• **WORK TASK**
When you reach the line containing "sugar flowers. |", begin reproducing the material exactly, stop after the line containing "وأحب أيضاً اللحظات", and leave out any pictures along the way.

• **THE DATA**

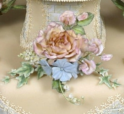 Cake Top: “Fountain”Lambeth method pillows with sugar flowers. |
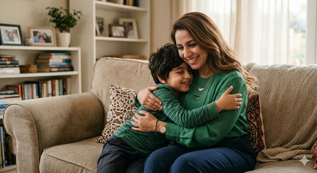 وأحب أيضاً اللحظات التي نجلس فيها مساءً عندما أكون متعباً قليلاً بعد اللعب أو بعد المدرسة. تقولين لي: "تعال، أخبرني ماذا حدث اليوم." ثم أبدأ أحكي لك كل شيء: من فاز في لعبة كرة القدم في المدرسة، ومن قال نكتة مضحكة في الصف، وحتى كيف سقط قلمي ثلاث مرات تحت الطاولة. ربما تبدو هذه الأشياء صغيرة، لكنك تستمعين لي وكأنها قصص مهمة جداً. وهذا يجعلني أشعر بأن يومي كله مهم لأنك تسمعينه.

--

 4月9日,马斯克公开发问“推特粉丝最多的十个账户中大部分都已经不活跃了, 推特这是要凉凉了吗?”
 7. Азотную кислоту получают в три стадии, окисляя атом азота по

...

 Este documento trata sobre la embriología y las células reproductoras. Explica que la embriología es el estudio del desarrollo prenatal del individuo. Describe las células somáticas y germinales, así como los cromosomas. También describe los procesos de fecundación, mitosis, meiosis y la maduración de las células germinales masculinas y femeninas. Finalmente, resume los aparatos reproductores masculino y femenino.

• **WRITTEN SOLUTION**
 Cake Top: “Fountain”Lambeth method pillows with sugar flowers. |
 وأحب أيضاً اللحظات التي نجلس فيها مساءً عندما أكون متعباً قليلاً بعد اللعب أو بعد المدرسة. تقولين لي: "تعال، أخبرني ماذا حدث اليوم." ثم أبدأ أحكي لك كل شيء: من فاز في لعبة كرة القدم في المدرسة، ومن قال نكتة مضحكة في الصف، وحتى كيف سقط قلمي ثلاث مرات تحت الطاولة. ربما تبدو هذه الأشياء صغيرة، لكنك تستمعين لي وكأنها قصص مهمة جداً. وهذا يجعلني أشعر بأن يومي كله مهم لأنك تسمعينه.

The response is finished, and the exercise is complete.